• _Exercise_: Please retype, word for word, the line containing "Whether you’re grabbing" and every line after it through the end of the records, leaving out all pictures.

• _Provided entries_:
· · · ·

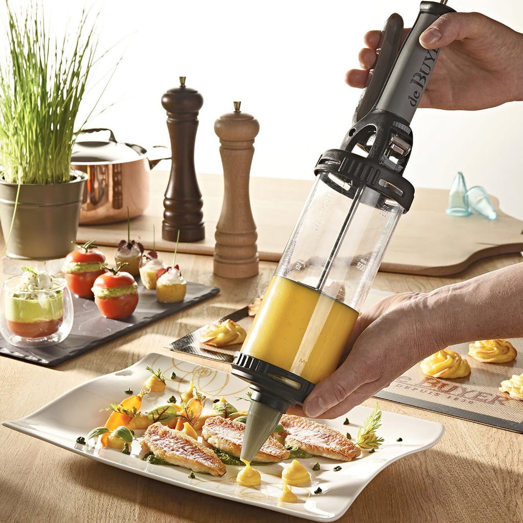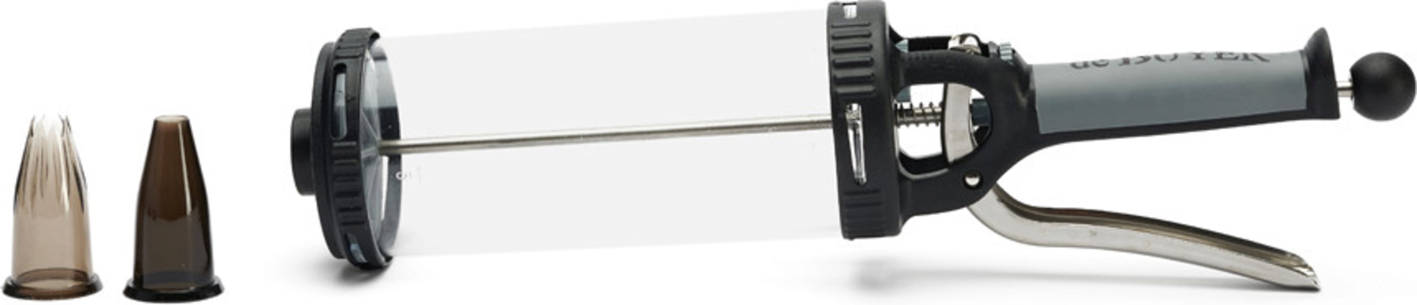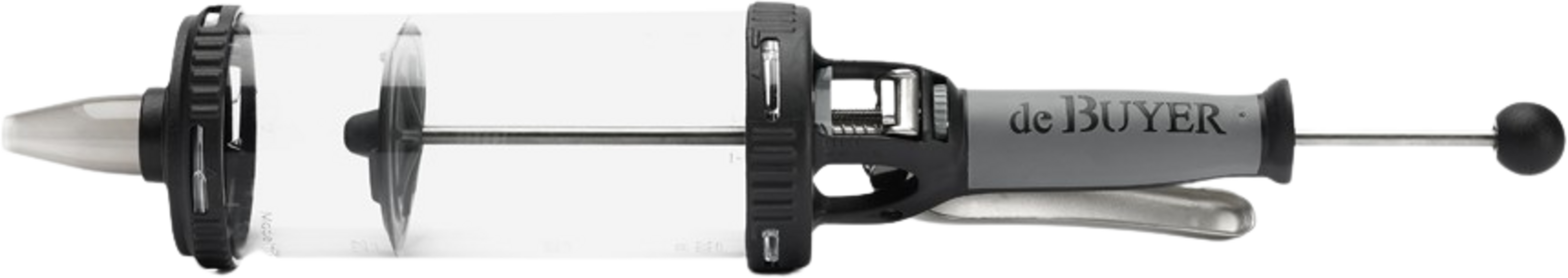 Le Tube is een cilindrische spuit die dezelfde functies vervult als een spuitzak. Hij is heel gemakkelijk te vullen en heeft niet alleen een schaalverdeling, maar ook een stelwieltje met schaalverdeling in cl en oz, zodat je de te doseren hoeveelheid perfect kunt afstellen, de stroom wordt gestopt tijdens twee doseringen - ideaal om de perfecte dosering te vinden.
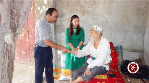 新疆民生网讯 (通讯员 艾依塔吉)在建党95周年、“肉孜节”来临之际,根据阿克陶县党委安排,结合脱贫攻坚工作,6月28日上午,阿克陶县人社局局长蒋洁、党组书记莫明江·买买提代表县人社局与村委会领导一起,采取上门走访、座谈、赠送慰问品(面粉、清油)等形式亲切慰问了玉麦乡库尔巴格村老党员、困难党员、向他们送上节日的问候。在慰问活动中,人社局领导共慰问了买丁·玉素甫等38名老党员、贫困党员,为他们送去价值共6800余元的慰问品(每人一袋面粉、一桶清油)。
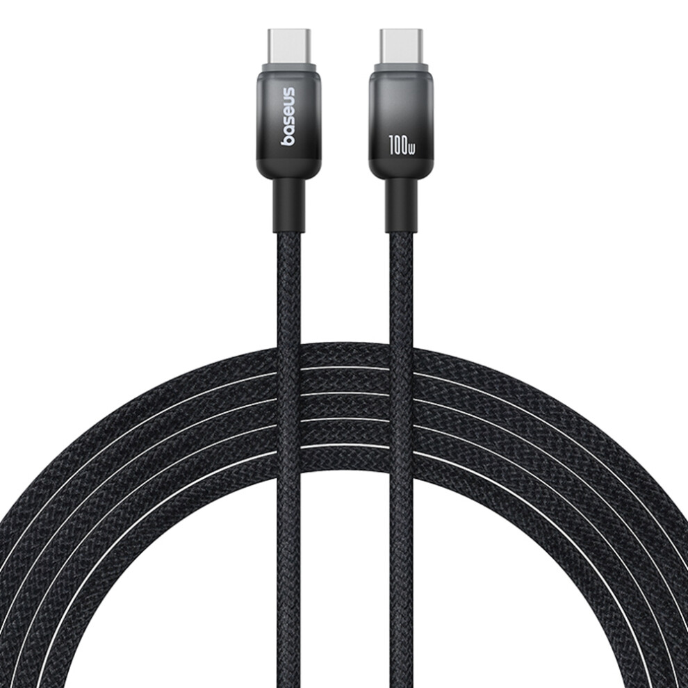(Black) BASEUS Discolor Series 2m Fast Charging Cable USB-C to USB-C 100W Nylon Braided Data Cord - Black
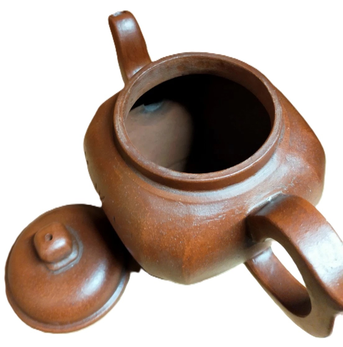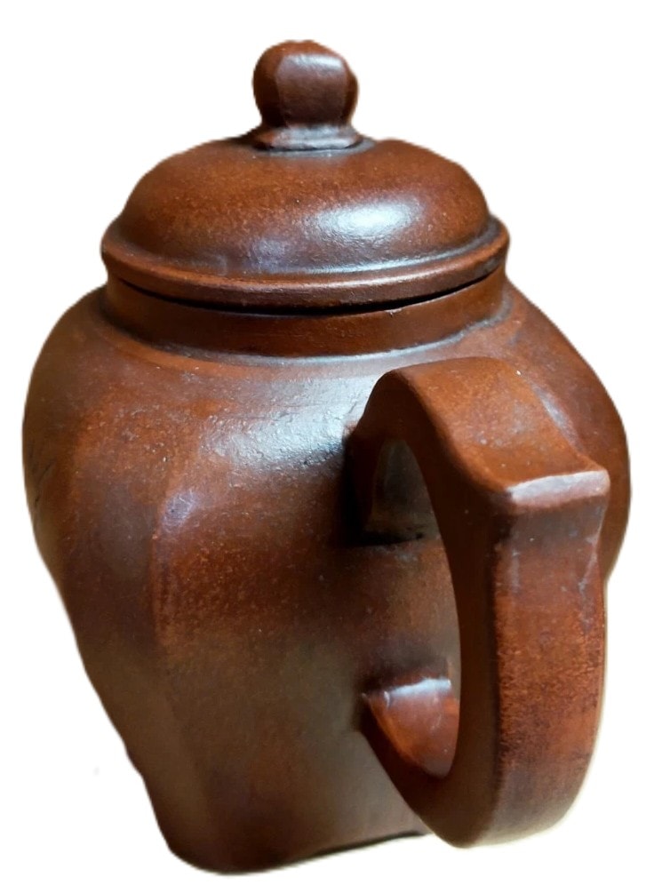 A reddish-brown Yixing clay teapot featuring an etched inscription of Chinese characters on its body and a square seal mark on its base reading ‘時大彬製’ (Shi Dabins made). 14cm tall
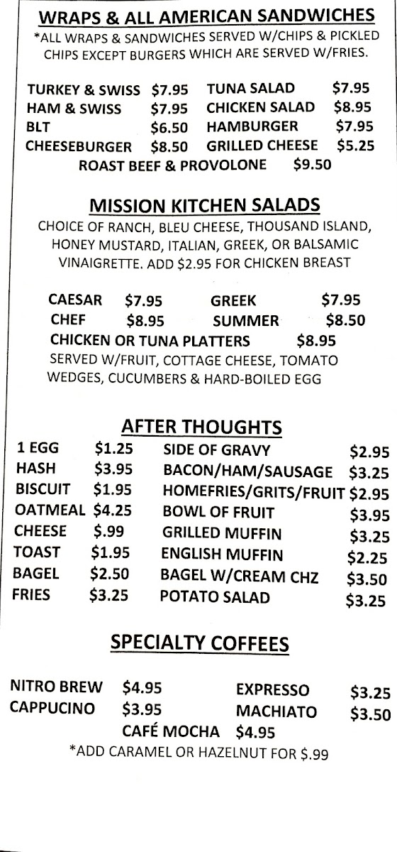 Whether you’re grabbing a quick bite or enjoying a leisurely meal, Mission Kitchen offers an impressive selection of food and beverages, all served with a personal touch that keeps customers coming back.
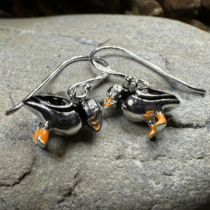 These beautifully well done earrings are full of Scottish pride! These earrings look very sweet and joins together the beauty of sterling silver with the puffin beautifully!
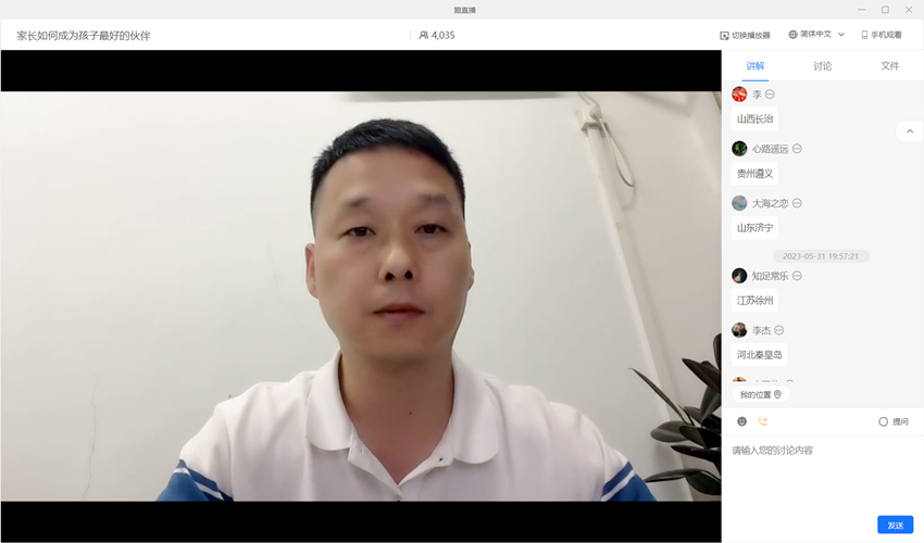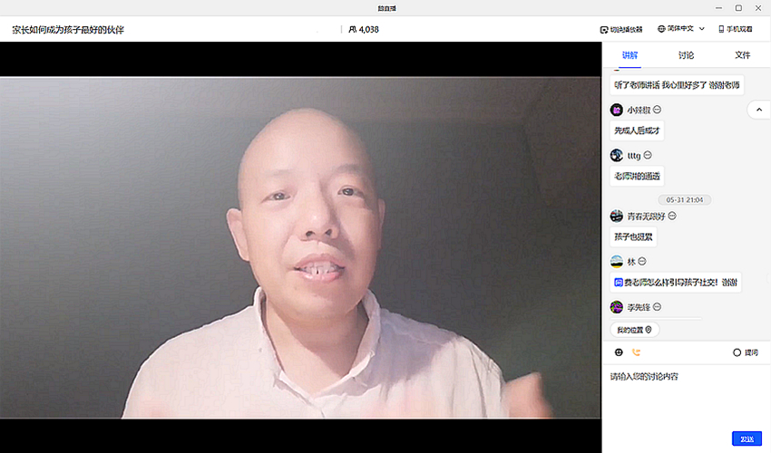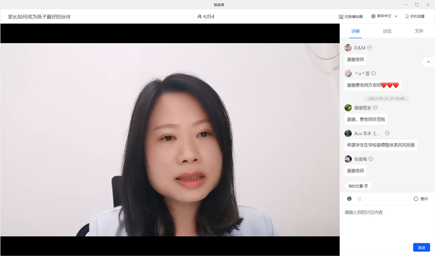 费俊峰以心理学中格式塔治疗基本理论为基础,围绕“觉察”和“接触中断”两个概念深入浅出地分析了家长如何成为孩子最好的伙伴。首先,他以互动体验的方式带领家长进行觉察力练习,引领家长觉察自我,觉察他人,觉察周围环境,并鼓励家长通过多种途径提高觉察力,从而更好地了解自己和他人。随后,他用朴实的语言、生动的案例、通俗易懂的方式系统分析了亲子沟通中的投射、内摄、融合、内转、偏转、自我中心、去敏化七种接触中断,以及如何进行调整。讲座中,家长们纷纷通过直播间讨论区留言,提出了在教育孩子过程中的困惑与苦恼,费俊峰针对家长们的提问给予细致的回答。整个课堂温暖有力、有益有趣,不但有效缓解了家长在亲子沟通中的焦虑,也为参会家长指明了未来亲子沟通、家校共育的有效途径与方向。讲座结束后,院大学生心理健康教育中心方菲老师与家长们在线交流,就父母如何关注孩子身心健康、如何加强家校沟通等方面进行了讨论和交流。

· · · ·

• _The answer_:
 Whether you’re grabbing a quick bite or enjoying a leisurely meal, Mission Kitchen offers an impressive selection of food and beverages, all served with a personal touch that keeps customers coming back.
 These beautifully well done earrings are full of Scottish pride! These earrings look very sweet and joins together the beauty of sterling silver with the puffin beautifully!
 费俊峰以心理学中格式塔治疗基本理论为基础,围绕“觉察”和“接触中断”两个概念深入浅出地分析了家长如何成为孩子最好的伙伴。首先,他以互动体验的方式带领家长进行觉察力练习,引领家长觉察自我,觉察他人,觉察周围环境,并鼓励家长通过多种途径提高觉察力,从而更好地了解自己和他人。随后,他用朴实的语言、生动的案例、通俗易懂的方式系统分析了亲子沟通中的投射、内摄、融合、内转、偏转、自我中心、去敏化七种接触中断,以及如何进行调整。讲座中,家长们纷纷通过直播间讨论区留言,提出了在教育孩子过程中的困惑与苦恼,费俊峰针对家长们的提问给予细致的回答。整个课堂温暖有力、有益有趣,不但有效缓解了家长在亲子沟通中的焦虑,也为参会家长指明了未来亲子沟通、家校共育的有效途径与方向。讲座结束后,院大学生心理健康教育中心方菲老师与家长们在线交流,就父母如何关注孩子身心健康、如何加强家校沟通等方面进行了讨论和交流。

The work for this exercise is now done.